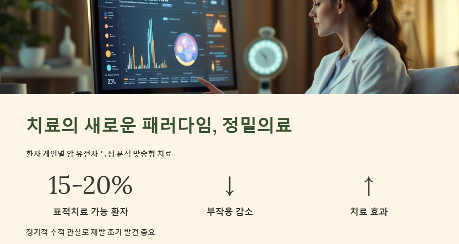 최근에는 환자 개개인의 암 유전자 특성을 분석해 맞춤형 치료를 제공하는 '정밀의료'가 주목받고 있습니다. 폐암 환자의 약 15~20%는 표적치료가 가능한 유전자 변이를 가지고 있으며, 이러한 변이가 발견되면 해당 유전자를 표적으로 하는 약물 치료를 통해 부작용을 줄이고 치료 효과를 높일 수 있습니다.
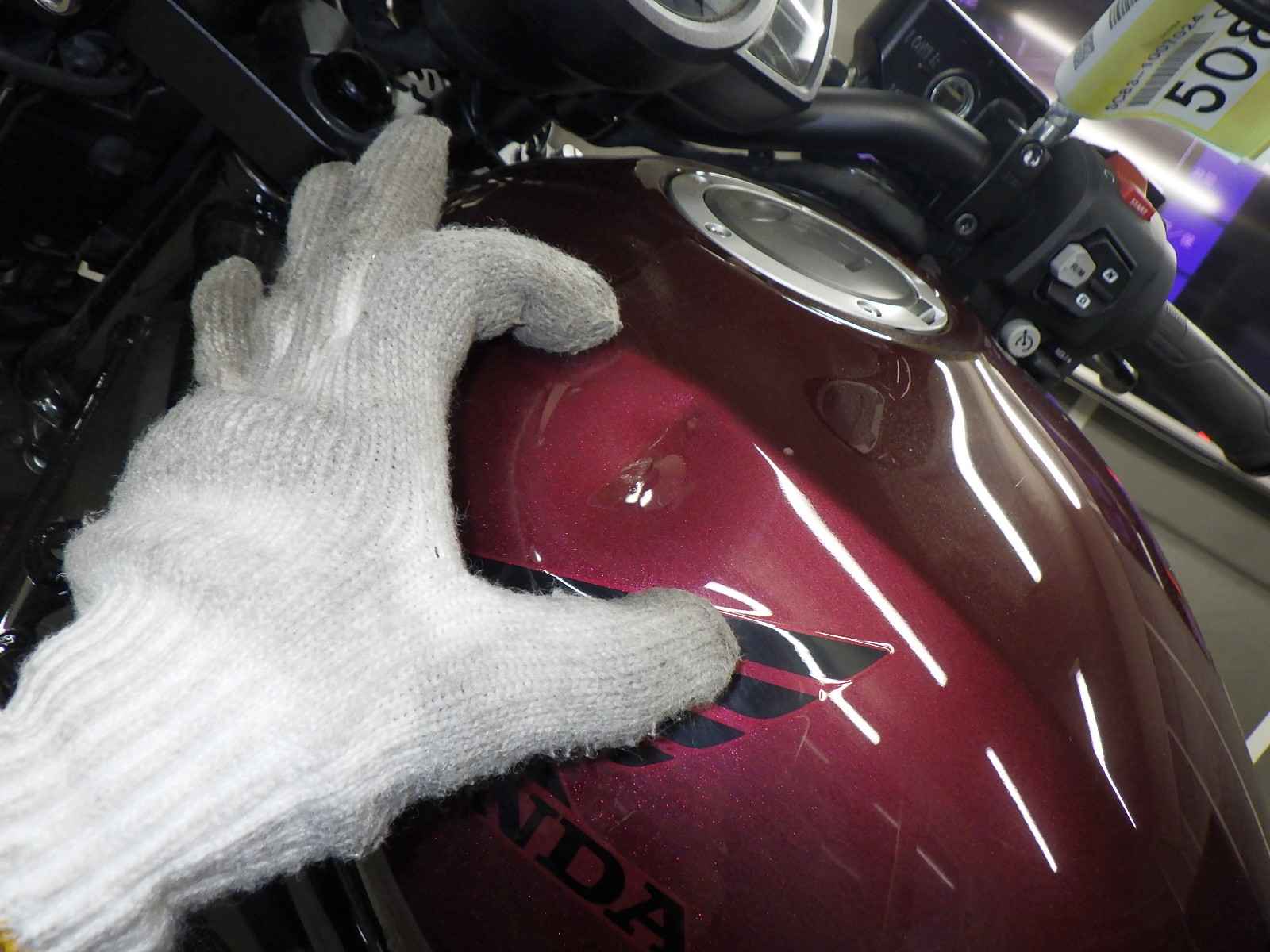 Бензобак: Вмятина на баке Уровень 3, Недостаток, Частичная покраска
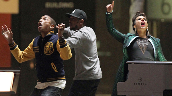 So The Spiderman hype is in full swing! Alicia Keys, araabMUZIK , Hans Zimmer (legendary music composer [Google him] ) and Kendrick Lamar hit up Jimmy Fallon to bless us with this very rare performance of “It’s On Again”. This Pharrell produced song is exclusively for the Spiderman soundtrack.
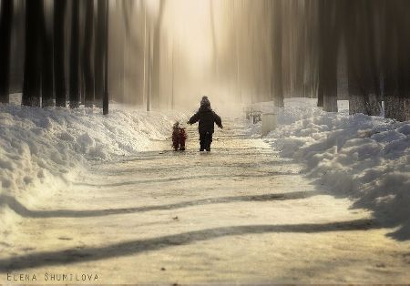 兩個(gè)毫不知情的小男孩兒無(wú)疑為這種電影畫(huà)面般精美的風(fēng)景上添上了最美的一筆。無(wú)論是在一條泥濘的小路,還是陰冷的森林,或是在室內。Elena捕捉到了那束最完美的光線(xiàn),正巧照射在小男孩兒的身上,如陰雨天突 然出現的太陽(yáng),一切都變得不再陰郁而充滿(mǎn)陽(yáng)光。Elena說(shuō),“我比較喜歡自然光,無(wú)論是在室內還是室外,我喜歡各種各樣的光線(xiàn)環(huán)境,街燈,蠟燭,煙霧, 雨天,雪天,任何一種都能給予畫(huà)面更深度的視覺(jué)沖擊與意義。
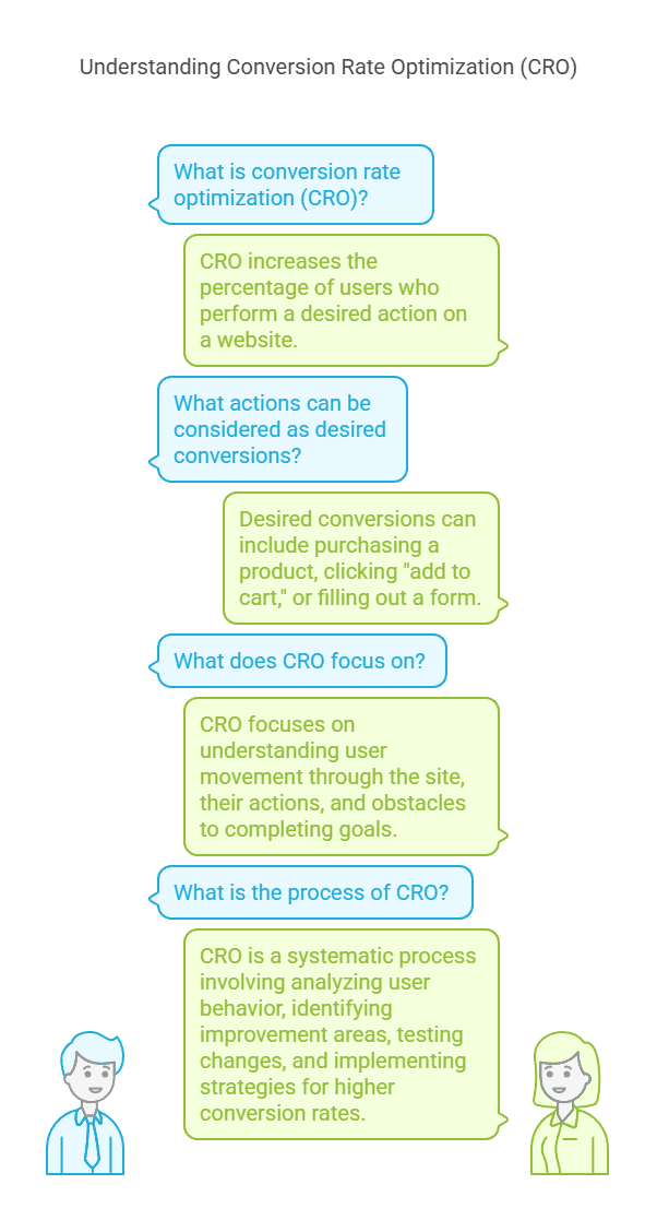 Conversion rate optimization (CRO) increases the percentage of users who perform a desired action on a website. This desired conversion action can include purchasing a product, clicking "add to cart," or filling out a form. CRO focuses on understanding how users move through your site, what actions they take, and what's stopping them from completing your goals. CRO is a systematic process that involves analyzing user behavior, identifying areas of improvement, testing changes, and implementing strategies that lead to higher conversion rates.
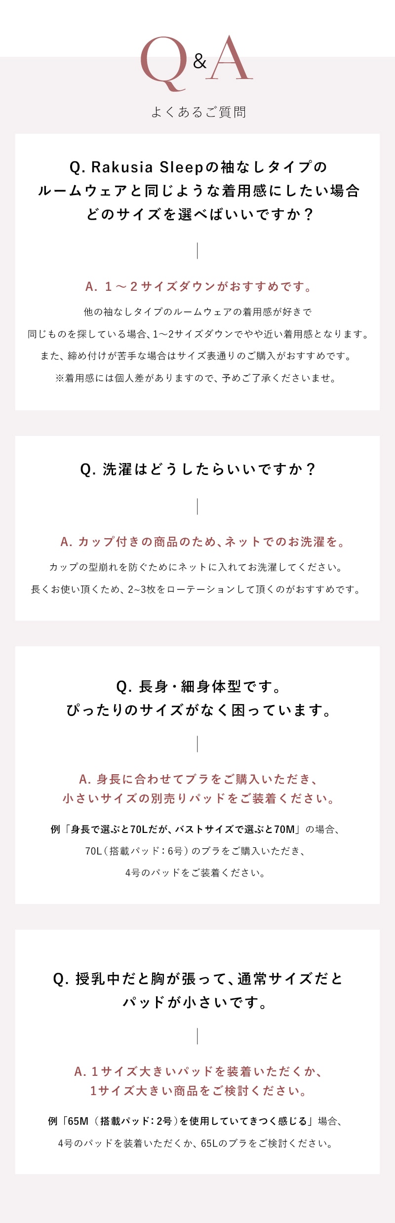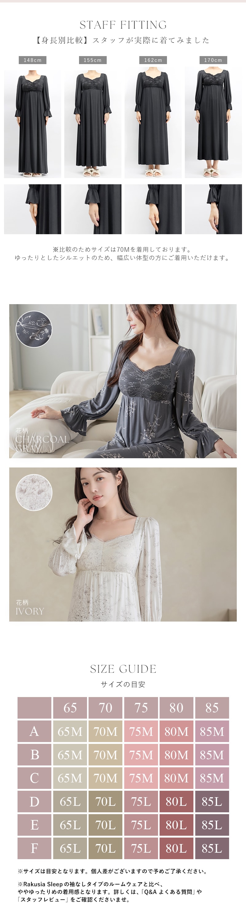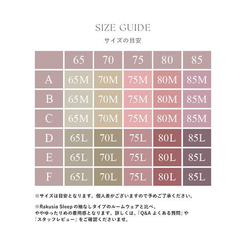65M:A65 B65 C65 65L:D65 E65 F65 70M:A70 B70 C70 70L:D70 E70 F70 75M:A75 B75 C75 75L:D75 E75 F75 80M:A80 B80 C80 80L:D80 E80 F80 85M:A85 B85 C85 85L:D85 E85 F85 ※対応サイズは目安となります。個人差がございますので予めご了承ください。 ※Rakushia Sleepの袖なしタイプルームウェアに比べ、ややゆったりめの着用感となります。画像の「Q&A よくある質問」や「スタッフレビュー」をご確認ください。 |
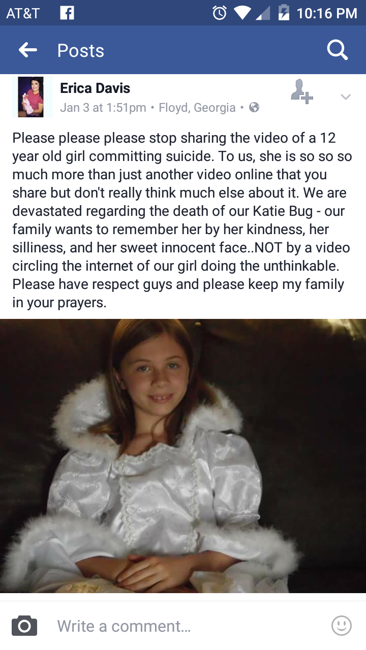 SILVER CREEK, GA – Katelyn Nichole Davis, 12, live-streamed her own suicide by hanging last Friday, and the video is about one of the most depressing things I have watched in some time.

- [YOUR ASSIGNMENT] All lines from the beginning of the entries above to the line containing "So The Spiderman", inclusive, should be printed exactly, apart from the pictures.

- [ANSWER FOR THIS EXERCISE]
 최근에는 환자 개개인의 암 유전자 특성을 분석해 맞춤형 치료를 제공하는 '정밀의료'가 주목받고 있습니다. 폐암 환자의 약 15~20%는 표적치료가 가능한 유전자 변이를 가지고 있으며, 이러한 변이가 발견되면 해당 유전자를 표적으로 하는 약물 치료를 통해 부작용을 줄이고 치료 효과를 높일 수 있습니다.
 Бензобак: Вмятина на баке Уровень 3, Недостаток, Частичная покраска
 So The Spiderman hype is in full swing! Alicia Keys, araabMUZIK , Hans Zimmer (legendary music composer [Google him] ) and Kendrick Lamar hit up Jimmy Fallon to bless us with this very rare performance of “It’s On Again”. This Pharrell produced song is exclusively for the Spiderman soundtrack.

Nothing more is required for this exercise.